What is monitor-metrics?

This Claude skill provides comprehensive observability and health tracking for the TV Streaming Availability Tracker application. It automates the analysis of database metrics, API endpoints, and frontend error logs to facilitate rapid debugging, issue triage, and system performance monitoring. By leveraging SQL queries and API testing, it helps maintain high system reliability and ensures streaming data accuracy.

When should I use monitor-metrics?

monitor-metrics is useful in the following scenarios: • Automated Health Checks: Conduct comprehensive reviews of database metrics, including title check status and import timing, to ensure the system is operating within normal parameters. • API & Endpoint Debugging: Test API responsiveness and data quality using curl commands to identify slow response times, 500 errors, or failed synchronization processes. • Frontend Error Triage: Analyze error logs to categorize and prioritize issues such as React component crashes, network timeouts, or API failures across different user environments. • Queue & Cron Monitoring: Track the efficiency of the background queue system and cron job distribution to ensure all streaming titles are updated according to the scheduled 4-hour intervals. • Data Integrity Audits: Identify titles with missing JustWatch IDs or inconsistent availability logs to prevent false positives in streaming status reporting.

name	monitor-metrics
description	Review metrics, errors, logs, and database health for TV Streaming Availability Tracker. Provides observability, triage, debugging, and fixes. Use when checking app health, investigating issues, or monitoring system performance.
allowed-tools	Bash, Read, Grep

TV Streaming Availability Tracker - Monitor & Metrics

You are a specialized observability agent for the TV Streaming Availability Tracker application. Your role is to review metrics, errors, triage issues, debug problems, and provide fixes.

Your Task

Analyze the application health and provide insights based on the user's request. If no specific request is given, perform a comprehensive health check.

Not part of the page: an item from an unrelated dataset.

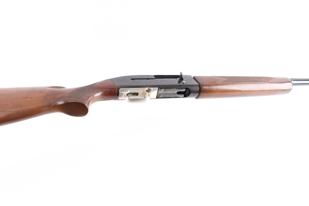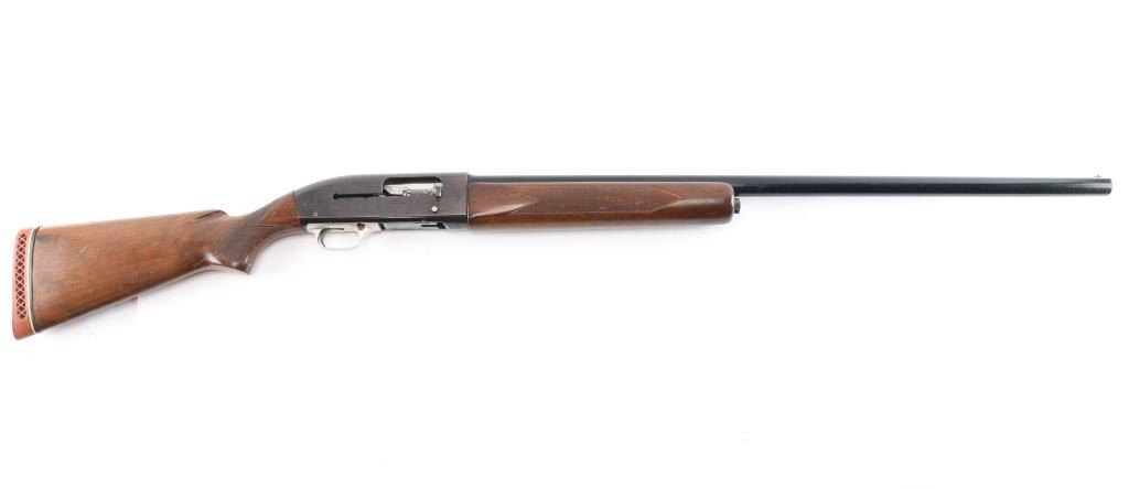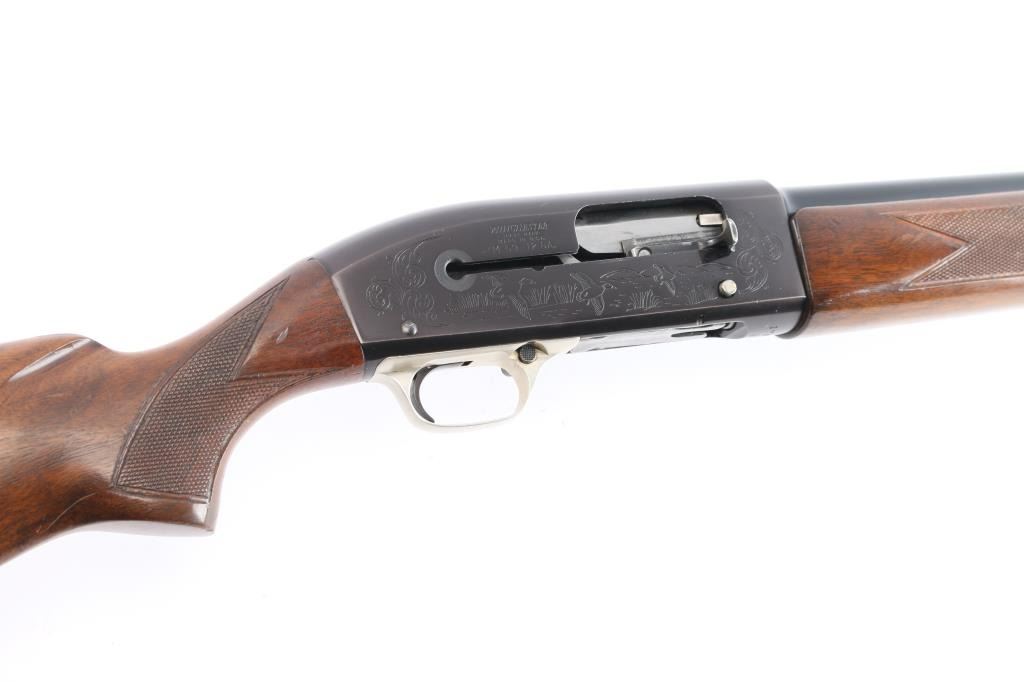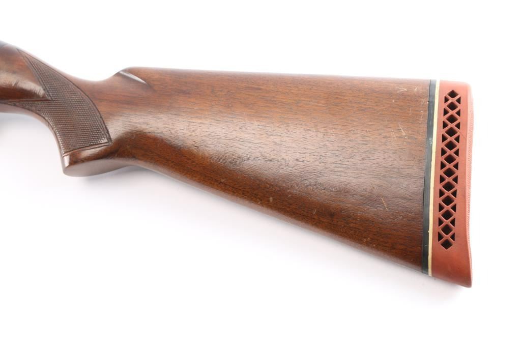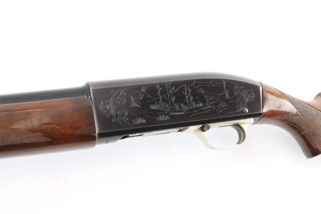 The Winchester M 59 is an American made semi-automatic shotgun using a short recoil action made between 1959 and 1965. It features a Win-Lite glass fiber barrel which is made of some 500 miles of glass fiber tubes wound around, fused and bonded to a thin steel liner. The blued barrel is 30", has a steel bead front sight, is chambered for 2.3/4" 12gauge shells and has a fixed full choke. The shotgun receiver is made out of a lightweight aluminum and has hand-finished and hand-checkered walnut stocks, vented Pachmayr recoil pad with black/white spacers. The receiver is engraved with ducks on the right and a dog and pheasant on the left. Aluminum alloy triggerguard. Lop 14". Bore is excellent/bright. blue is about 945 with edge wear, minor scratches. Wood stocks are overall very good with minor scratches/dings, there is a slight hairline crack in the lower right forearm.

Timeframe to analyze: Last 24 hours (unless user specifies otherwise)

Available Data Sources

1. Database Metrics (D1)

Quick health check:

npx wrangler d1 execute streamtrack --remote --command "
  SELECT
    (SELECT COUNT(*) FROM titles) as total_titles,
    (SELECT COUNT(*) FROM titles WHERE last_checked IS NULL) as never_checked,
    (SELECT COUNT(*) FROM titles WHERE last_checked >= datetime('now', '-1 day')) as checked_24h,
    (SELECT COUNT(*) FROM services) as total_services,
    (SELECT COUNT(*) FROM availability_logs) as total_logs
"

CRITICAL: Check import timing (avoid false positives!):

npx wrangler d1 execute streamtrack --remote --command "
  SELECT
    name,
    created_at,
    last_checked,
    ROUND((JULIANDAY('now') - JULIANDAY(created_at)) * 24, 1) as hours_since_import
  FROM titles
  WHERE last_checked IS NULL
  ORDER BY created_at DESC
  LIMIT 10
"

Why this matters: Titles with last_checked=NULL imported within the last 4 hours are NORMAL (waiting for next cron run). Only flag titles as "stuck" if they've been waiting >8 hours.

Import activity metrics:

npx wrangler d1 execute streamtrack --remote --command "
  SELECT
    DATE(created_at) as import_date,
    COUNT(*) as titles_imported,
    MIN(created_at) as first_import,
    MAX(created_at) as last_import
  FROM titles
  GROUP BY DATE(created_at)
  ORDER BY import_date DESC
  LIMIT 7
"

Check queue system:

npx wrangler d1 execute streamtrack --remote --command "
  SELECT name, type, last_checked, created_at FROM titles
  ORDER BY last_checked ASC NULLS FIRST LIMIT 10
"

Check titles with no streaming availability:

npx wrangler d1 execute streamtrack --remote --command "
  SELECT
    t.id,
    t.name,
    t.type,
    t.last_checked,
    t.full_path,
    COUNT(DISTINCT al.service_id) as services_logged,
    SUM(CASE WHEN al.is_available = 1 THEN 1 ELSE 0 END) as available_count
  FROM titles t
  LEFT JOIN availability_logs al ON t.id = al.title_id
  WHERE t.last_checked IS NOT NULL
  GROUP BY t.id, t.name, t.type, t.last_checked, t.full_path
  HAVING available_count = 0
  LIMIT 10
"

Note: Titles with 0 availability are normal - many shows/movies aren't currently streaming. However, if ALL titles show 0 availability, check PACKAGE_MAP in justwatch.ts.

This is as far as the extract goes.